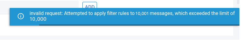 Saat pengguna mencoba menjalankan filter pada sebuah folder yang berisi lebih dari 10.000 email, sistem dapat menampilkan pesan error berikut:
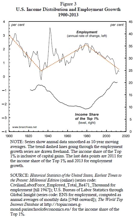 Figure 3 shows the century-long relationship between the income share of the Top 1% of the U.S. population and the annual growth rate of U.S. employment (with both series smoothed as 10-year moving averages).
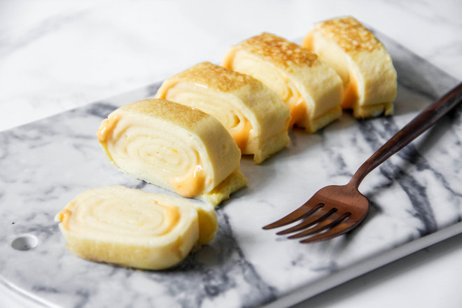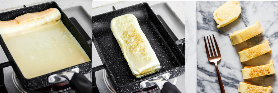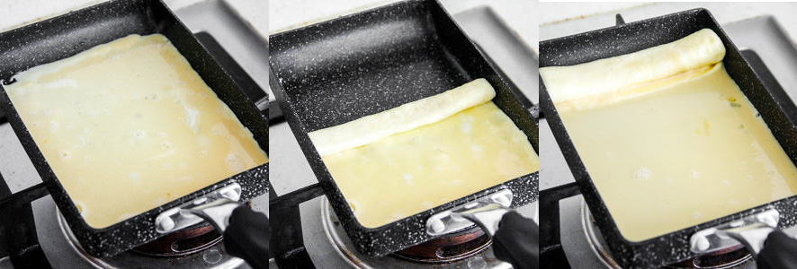 芝士和鸡蛋的完美结合,我们要怎么动手做芝士厚蛋烧呢?首先,3个蛋加上一片芝士刚刚好可以做出一份厚蛋烧。平底我刷上一层油,导入准备好的1/3单页,将其均匀摊开;接近凝固时,放上切成条状的芝士条或芝士丁;从一头慢慢的将蛋皮卷起,卷好放在锅的斜边处。
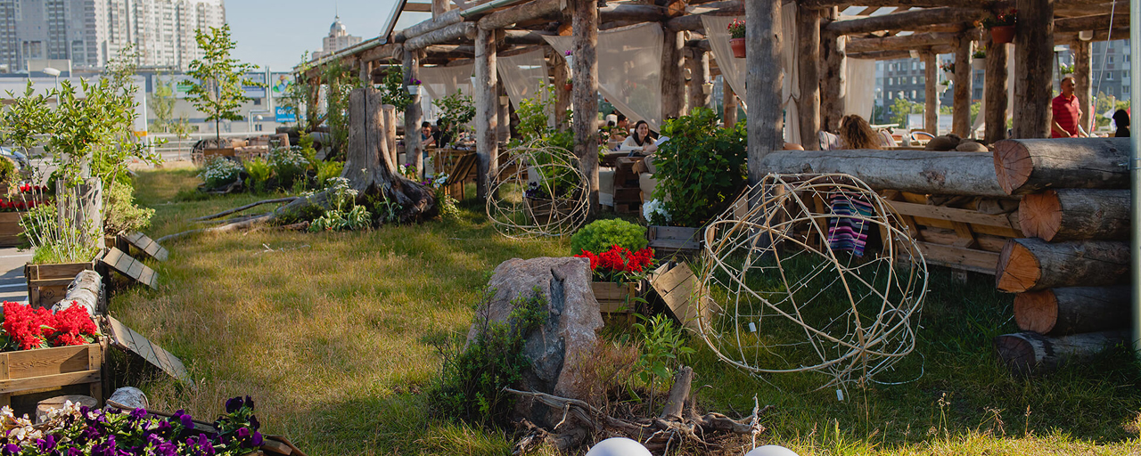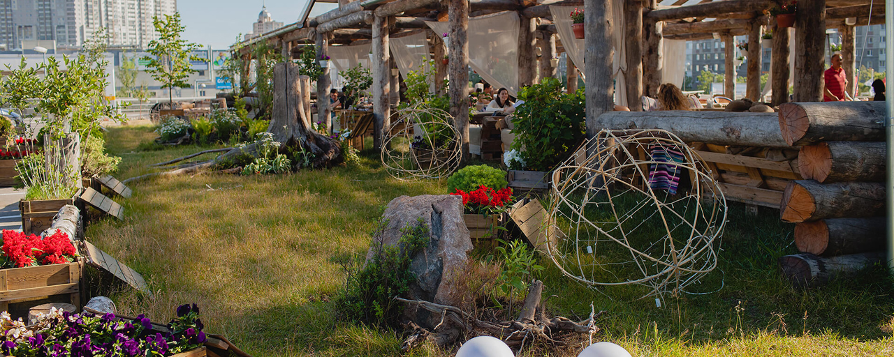 Те, кто не успевает за город, могут расположиться у нас на веранде, которая стала оазисом торгового комплекса на Коломяжском проспекте.
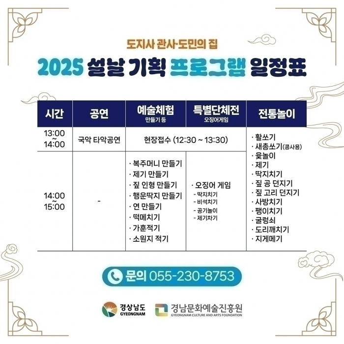 - 행사명: 2025 도지사 관사·도민의 집 설날 기획 프로그램
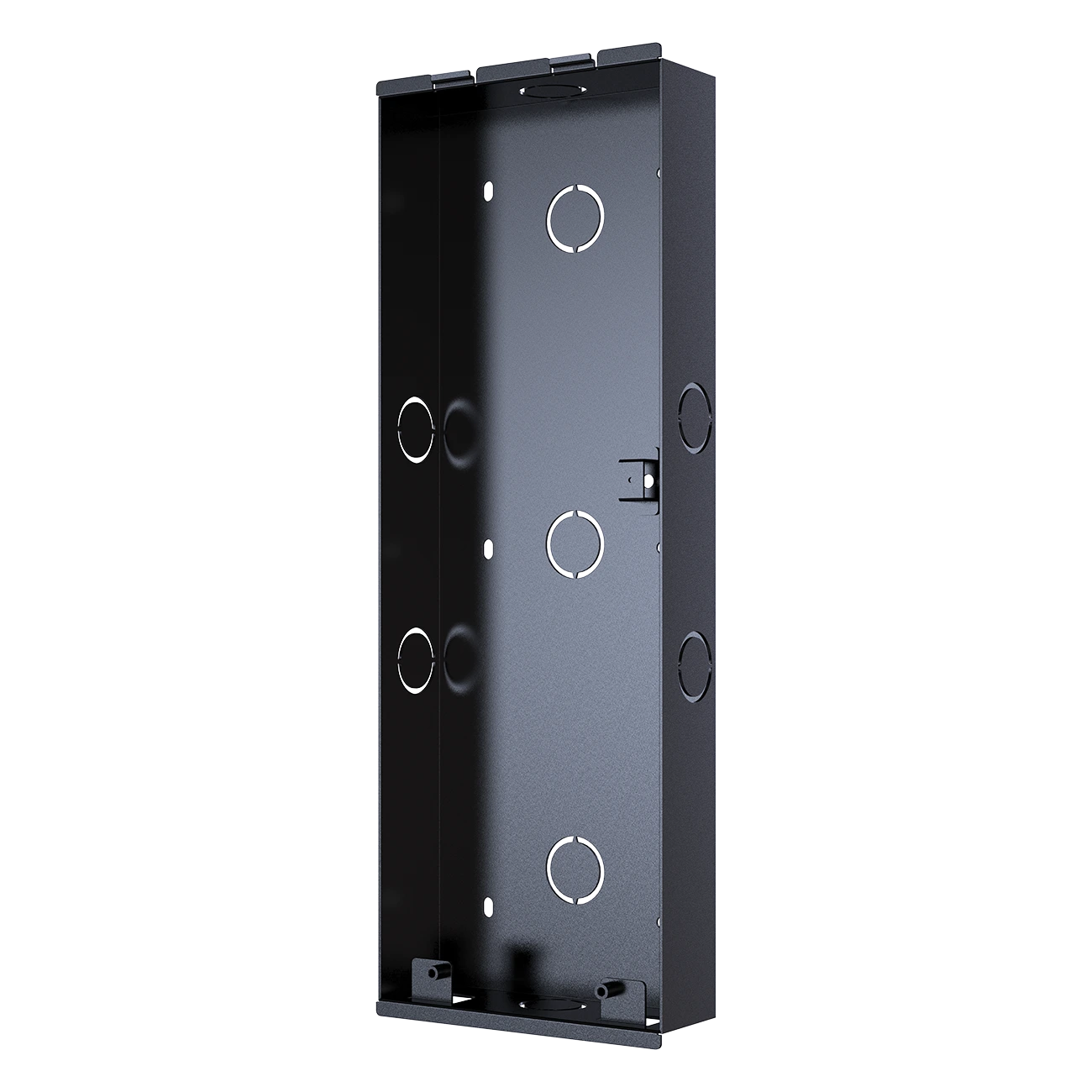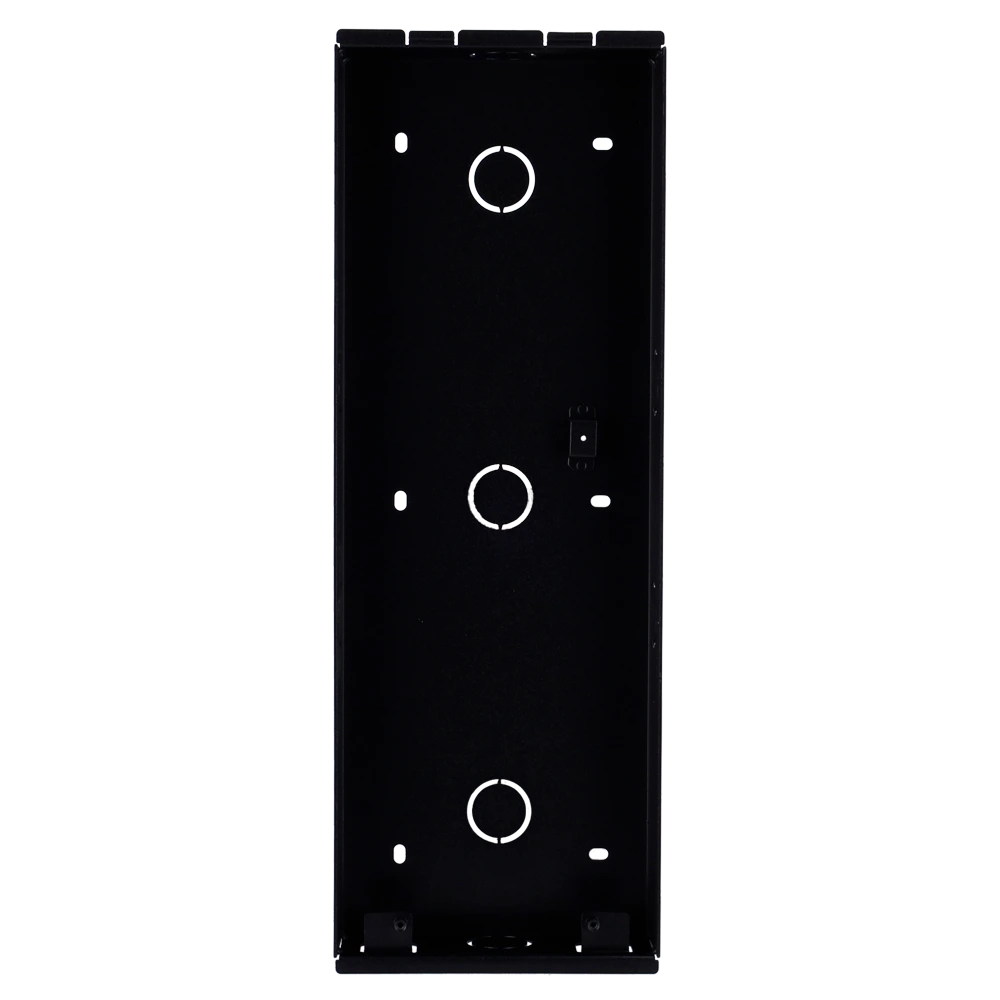 Монтажный короб X915XF разработан специально для врезного монтажа вызывной панели Akuvox X915S. Он представляет собой стальную коробку чёрного цвета, которая устанавливается в подготовленное отверстие в кирпичной, бетонной или гипсовой стене позволяя сохранить эстетику фасада и обеспечив максимальную защиту оборудования. После установки короб обеспечивает ровное прилегание панели к поверхности и защищает электронную часть от повреждений и погодных условий. Благодаря точным размерам и предусмотренным креплениям короб гарантирует безопасную фиксацию устройства и аккуратный вид без выступающих элементов.
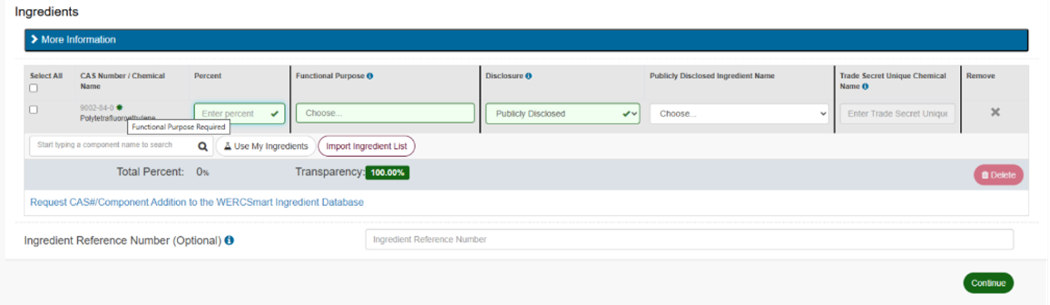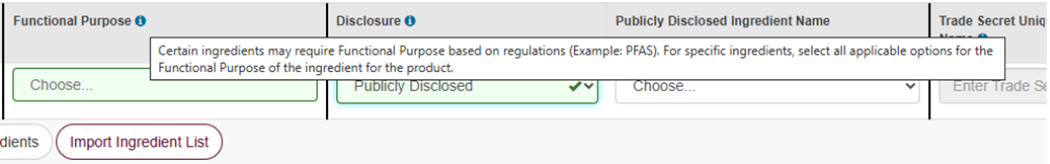 We have included a helpful hover for Functional Purpose. A functional purpose is why the chemical is included in the product due to providing some type of benefit or functionality within the product. This could be options such as diluent, lubricants, propellants, and many others.
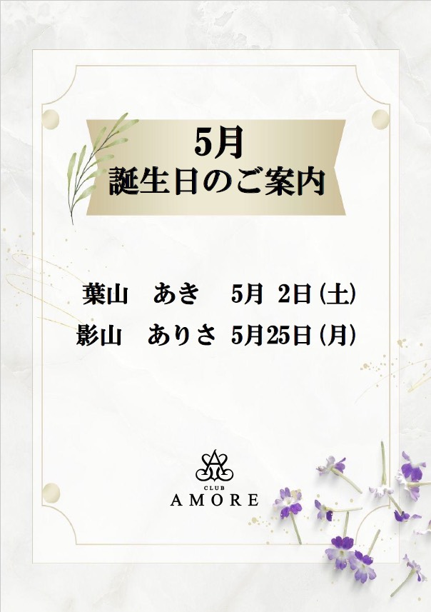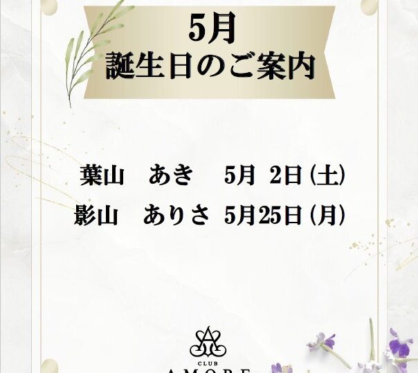 5月 バースデーのお知らせ2026年4月24日club_amoreバースデーイベント日頃のご愛顧への感謝を込めて、ささやかなひとときをご用意しております。風薫る爽やかな季節となりました。お時間がございましたら、ぜひお気軽にお立ち寄りください。スタッフ一同、皆さまのご来店を心よりお待ちしております。
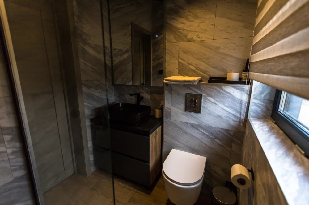 Предусмотрены все необходимые удобства: оборудованная кухня для приготовления любимых блюд, ванная комната с душем, лаунж зона для встреч гостей или романтического ужина, Wi-Fi и онлайн кинотеатр для комфортного времяпрепровождения. Есть открытая терраса.
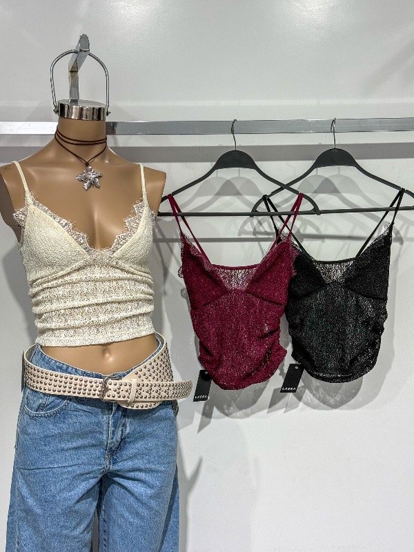 Top de red tramado con puntilla en el busto y frunces. Talle unico, abarca S/M
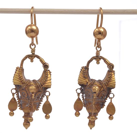 A PAIR OF TRIBAL GOLD EARRINGS, Bastar tribe, total length 5cm

> Exercise goal:
Having found the line with "芝士和鸡蛋的完美结合,我们要" and the line with "- 행사명: 2025 도지사 관사·도민의 집 설날 기획 프로그램" in the material above, write out exactly those two and every line between, leaving the pictures out.

> Answer space:
 芝士和鸡蛋的完美结合,我们要怎么动手做芝士厚蛋烧呢?首先,3个蛋加上一片芝士刚刚好可以做出一份厚蛋烧。平底我刷上一层油,导入准备好的1/3单页,将其均匀摊开;接近凝固时,放上切成条状的芝士条或芝士丁;从一头慢慢的将蛋皮卷起,卷好放在锅的斜边处。
 Те, кто не успевает за город, могут расположиться у нас на веранде, которая стала оазисом торгового комплекса на Коломяжском проспекте.
 - 행사명: 2025 도지사 관사·도민의 집 설날 기획 프로그램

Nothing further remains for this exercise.